On December 23, 2020, the Departments published a final rule (“Security Bars rule”) to amend existing regulations to clarify that in certain circumstances there are “reasonable grounds for regarding [an] alien as a danger to the security of the United States” or “reasonable grounds to believe that [an] alien is a danger to the security of the United States” based on emergency public health concerns generated by a communicable disease, making the alien ineligible to be granted asylum in the United States under section 208 of the Immigration and Nationality Act or the protection of withholding of removal under that Act or subsequent regulations (because of the threat of torture). See Security Bars and Processing, 85 FR 84160 et seq. (Dec. 23, 2020).

On January 20, 2021, the White House Chief of Staff issued a memorandum asking agencies to consider delaying, consistent with applicable law, the effective dates of any rules that have published and not yet gone into effect, for the purpose of allowing the President's appointees and designees to review questions of fact, law, and policy raised by those regulations. See Memorandum for the Heads of Executive Departments and Agencies from Ronald A. Klain, Assistant to the President and Chief of Staff, Re: Regulatory Freeze Pending Review (Jan. 20, 2021). This action is consistent with that memorandum.

The Departments have good cause to delay this rule's effective date without advance notice and comment because a permissible path to implementation of the rule is not apparent due to a preliminary injunction against a related rule. On December 11, 2020, the Departments issued a rule titled Procedures for Asylum and Withholding of Removal; Credible Fear and Reasonable Fear Review.[1] On January 8, 2021, a district court preliminarily enjoined the Departments “from implementing, enforcing, or applying the [December 11] rule . . . or any related policies or procedures.” [2]

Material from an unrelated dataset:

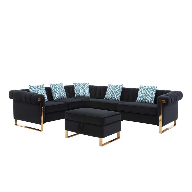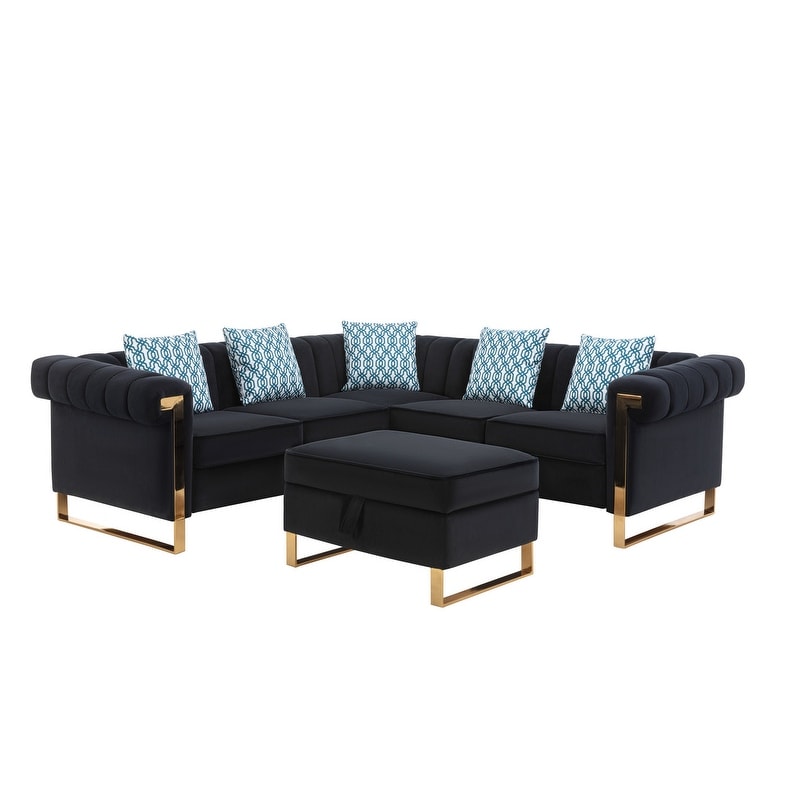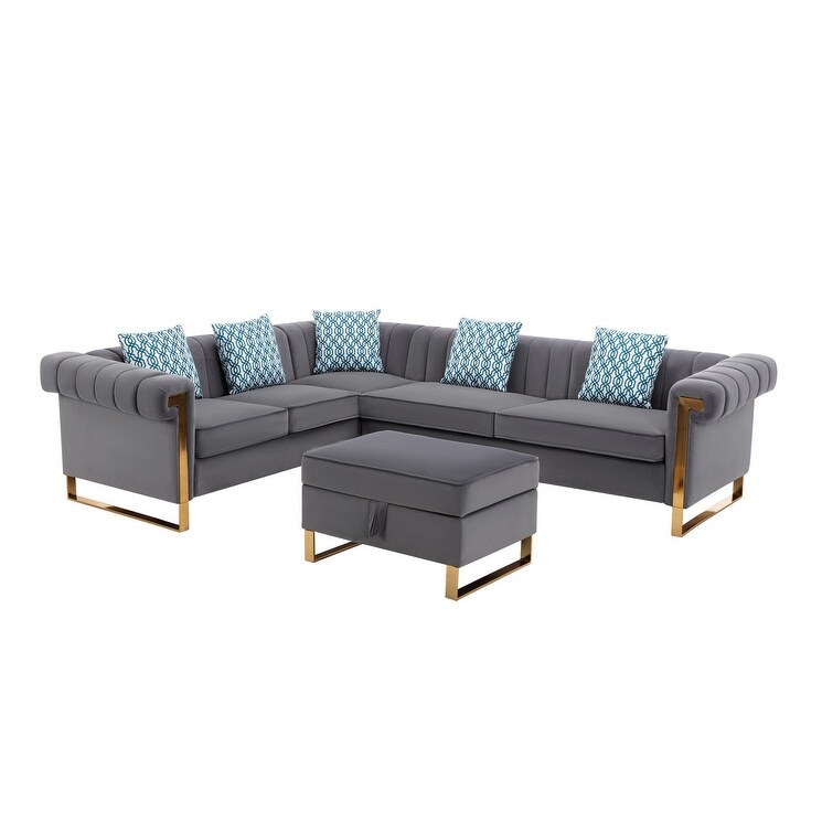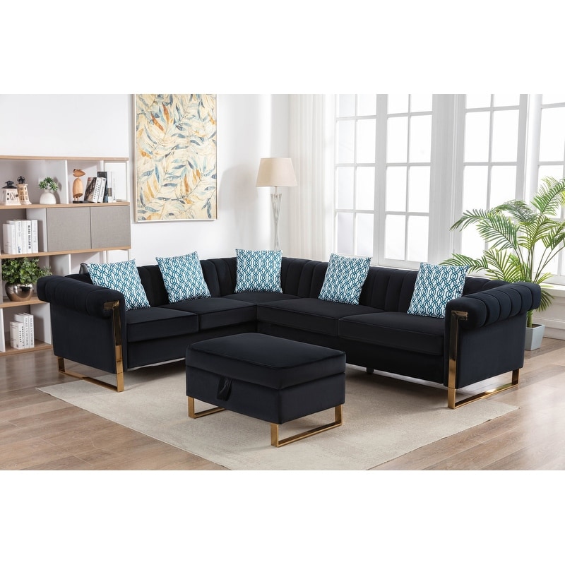 Velvet 6-Seater Sectional Sofa with Storage Ottoman

Implementing the Security Bars rule will not be viable given this injunction. Most prominently, the Security Bars rule relies upon the framework for applying bars to asylum during credible fear processing that was established in the December 11 rule.[3] That is not possible given the injunction. The regulatory text of significant portions of the Security Bars rule is also embedded within and repeats regulatory text that was established by the December 11 rule.[4]

To implement the full Security Bars rule—and effectively reinsert or rely upon provisions that the Pangea court has enjoined—might run afoul of the court's injunction. Because the court's injunction is already effective and it would be impracticable to engage in notice and comment procedures in advance of the scheduled January 22 effective date, the Departments are proceeding with this final rule.[5]

The Acting Secretary of Homeland Security, David P. Pekoske, having Start Printed Page 6848reviewed and approved this document, has delegated the authority to electronically sign this document to Sharmistha Das, who is the Deputy General Counsel for DHS, for purposes of publication in the Federal Register.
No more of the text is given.